/---

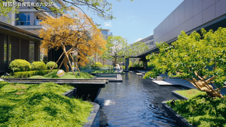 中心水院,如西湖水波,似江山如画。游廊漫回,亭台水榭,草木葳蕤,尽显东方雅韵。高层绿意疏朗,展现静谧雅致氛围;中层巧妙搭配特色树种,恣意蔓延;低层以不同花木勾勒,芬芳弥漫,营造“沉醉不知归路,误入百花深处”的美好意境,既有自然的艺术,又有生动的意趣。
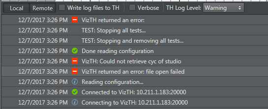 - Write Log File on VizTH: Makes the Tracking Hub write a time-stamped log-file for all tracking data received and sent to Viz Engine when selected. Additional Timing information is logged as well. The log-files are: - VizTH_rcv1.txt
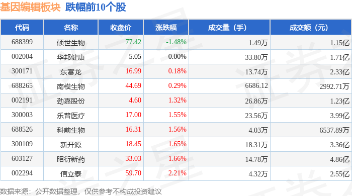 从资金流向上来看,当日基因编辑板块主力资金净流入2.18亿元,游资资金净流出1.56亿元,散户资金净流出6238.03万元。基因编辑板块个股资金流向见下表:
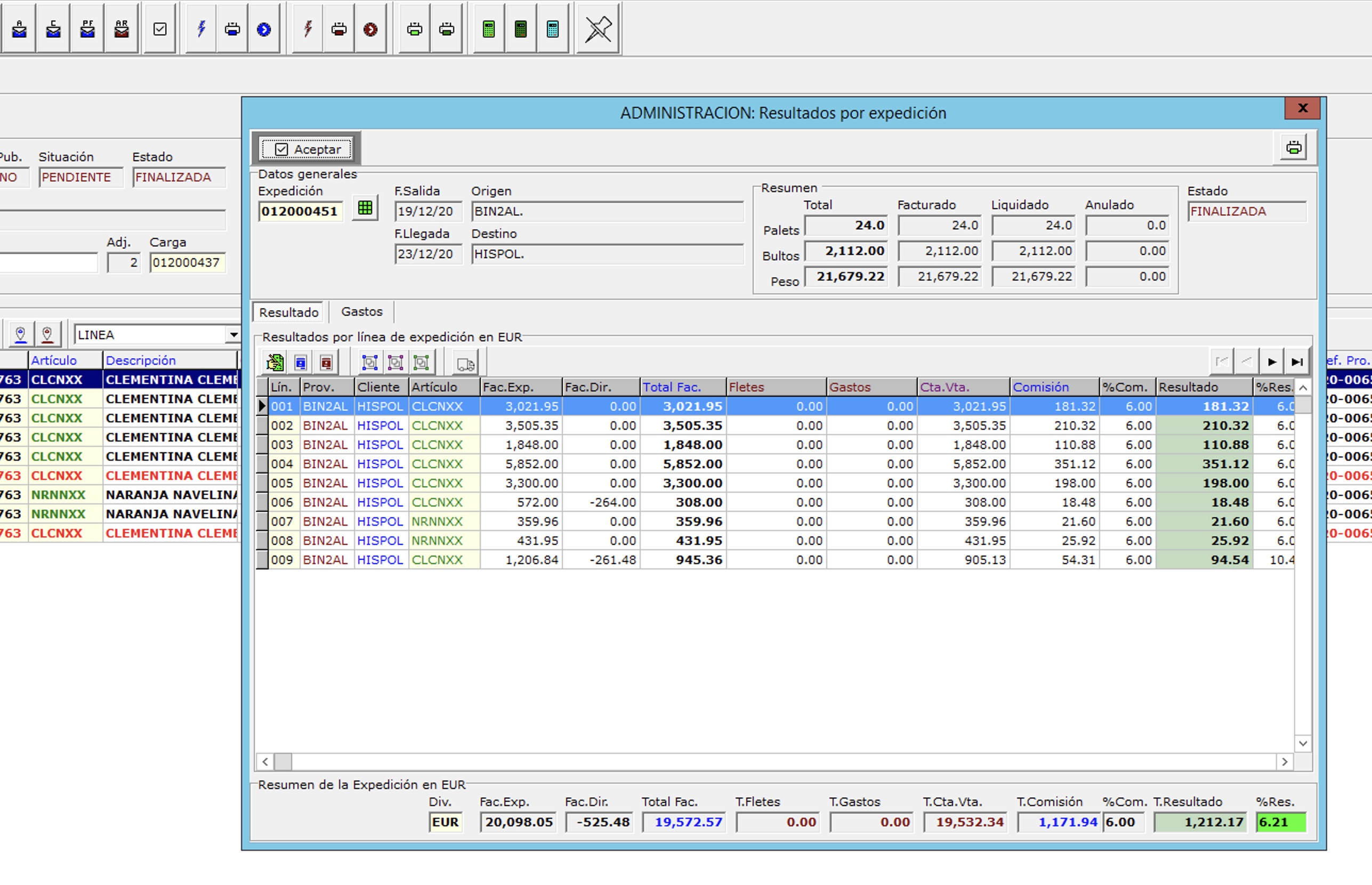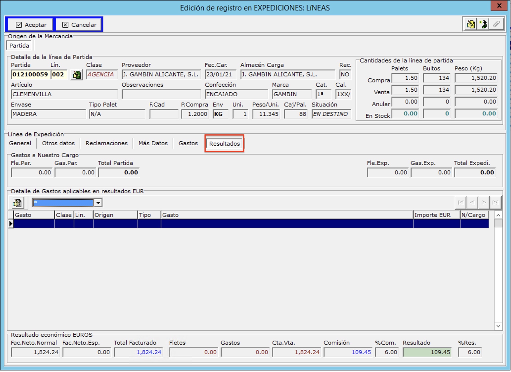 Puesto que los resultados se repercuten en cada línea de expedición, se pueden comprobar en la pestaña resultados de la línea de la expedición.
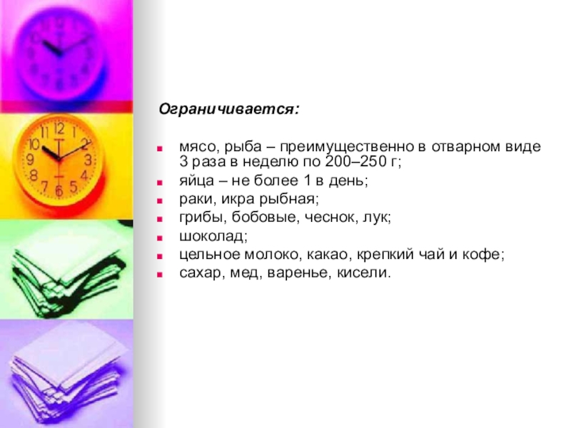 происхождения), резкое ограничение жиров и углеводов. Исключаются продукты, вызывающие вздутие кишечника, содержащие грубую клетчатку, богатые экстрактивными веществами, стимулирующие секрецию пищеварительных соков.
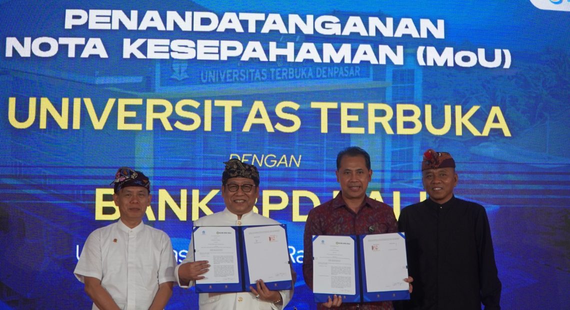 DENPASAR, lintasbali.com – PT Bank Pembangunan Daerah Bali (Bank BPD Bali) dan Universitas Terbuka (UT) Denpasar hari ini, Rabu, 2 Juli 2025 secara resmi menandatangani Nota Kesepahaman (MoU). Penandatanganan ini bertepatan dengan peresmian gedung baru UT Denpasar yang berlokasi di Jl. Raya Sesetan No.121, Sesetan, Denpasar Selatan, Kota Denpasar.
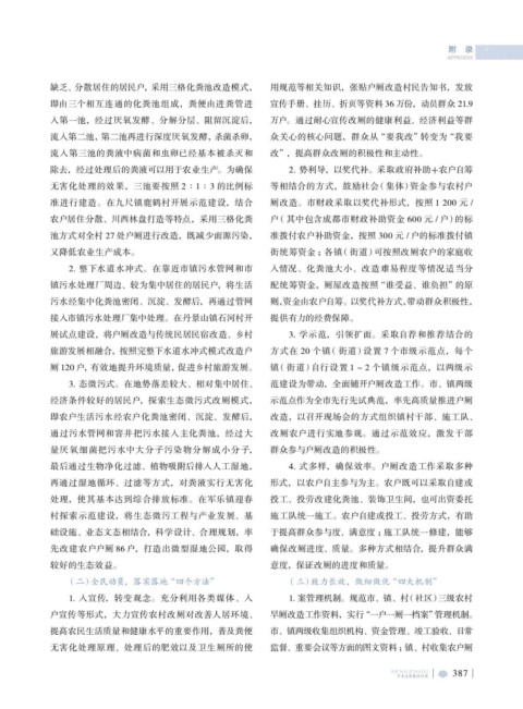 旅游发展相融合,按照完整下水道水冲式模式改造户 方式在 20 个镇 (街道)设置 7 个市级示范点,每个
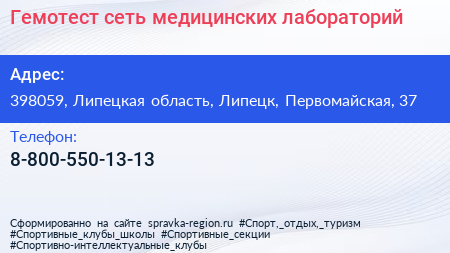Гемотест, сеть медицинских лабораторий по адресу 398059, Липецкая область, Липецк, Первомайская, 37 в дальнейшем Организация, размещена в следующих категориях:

\---

[What to do] Would you output only the span of the records above that opens with the line containing "从资金流向上来看,当日基因编" and closes with the line containing "Puesto que los", ends included and pictures dropped?

[Result below]
 从资金流向上来看,当日基因编辑板块主力资金净流入2.18亿元,游资资金净流出1.56亿元,散户资金净流出6238.03万元。基因编辑板块个股资金流向见下表:
 Puesto que los resultados se repercuten en cada línea de expedición, se pueden comprobar en la pestaña resultados de la línea de la expedición.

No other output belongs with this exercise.